The advent of large language models marks a revolutionary breakthrough in artificial intelligence. With the unprecedented scale of training and model parameters, the capability of large language models has been dramatically improved, leading to human-like performances in understanding, language synthesizing, and common-sense reasoning, etc. Such a major leap-forward in general AI capacity will change the pattern of how personalization is conducted. For one thing, it will reform the way of interaction between humans and personalization systems.
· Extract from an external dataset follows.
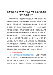 人大机关领导干部202X年党史学习教育专题民主生活会“五个带头”对照检查材料

Instead of being a passive medium of information filtering, large language models present the foundation for active user engagement. On top of such a new foundation, user requests can be proactively explored, and user's required information can be delivered in a natural and explainable way. For another thing, it will also considerably expand the scope of personalization, making it grow from the sole function of collecting personalized information to the compound function of providing personalized services. By leveraging large language models as general-purpose interface, the personalization systems may compile user requests into plans, calls the functions of external tools to execute the plans, and integrate the tools' outputs to complete the end-to-end personalization tasks. Today, large language models are still being developed, whereas the application in personalization is largely unexplored. Therefore, we consider it to be the right time to review the challenges in personalization and the opportunities to address them with LLMs. In particular, we dedicate this perspective paper to the discussion of the following aspects: the development and challenges for the existing personalization system, the newly emerged capabilities of large language models, and the potential ways of making use of large language models for personalization.